Consider a program that has a class Foo containing a function Foo::fn declared like this:
virtual void fn();
and a subclass of Foo called Bar. Will declaring Bar::fn like this:
virtual void fn() override final;
cause calls to fn in Bar or subclasses of Bar to be any more efficient, or will it just keep subclasses of Bar from overriding fn? If calls are made more efficient using final, what is the simplest, most efficient method to define Bar::fn such that its functionality is exactly that of Foo::fn?

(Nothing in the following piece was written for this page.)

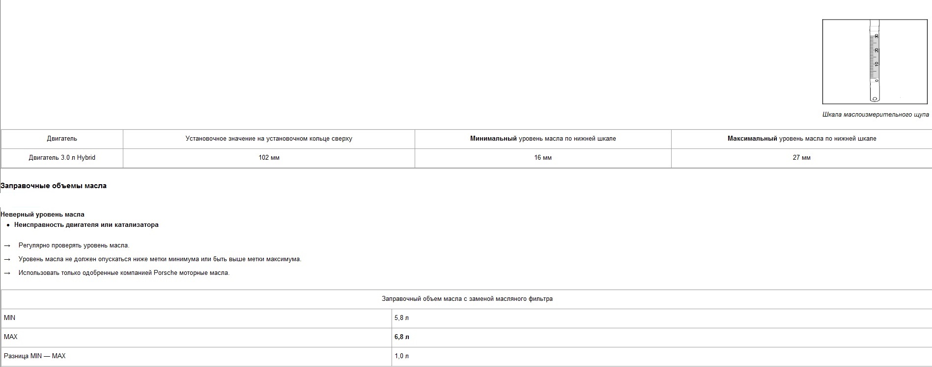 → Использовать только одобренные компанией Porsche моторные масла.

If fn is defined as final in Bar, the compiler can dispatch calls to fn through a pointer or reference to Bar statically since it knows that Bar::fn is the final overrider. For example, this program fragment:
struct Foo {
virtual void fn();
};
struct Bar : Foo {
void fn() final override;
};
void with_foo(Foo& o) { o.fn(); }
void with_bar(Bar& o) { o.fn(); }
compiles to (See gcc.godbolt.org for details):
with_foo(Foo&):
subq $8, %rsp
movq (%rdi), %rax
call *(%rax)
addq $8, %rsp
ret
with_bar(Bar&):
subq $8, %rsp
call Bar::fn()
addq $8, %rsp
ret
the call in with_foo is dynamically dispatched (call *(%rax) is an indirect call) through the vtable, but the call in with_bar statically dispatches to Bar::fn().
The simplest method to make Bar::fn be the final overrider of Foo::fn without changing behavior is to define it to statically call Foo::fn:
struct Bar : Foo {
void fn() final override { Foo::fn(); }
};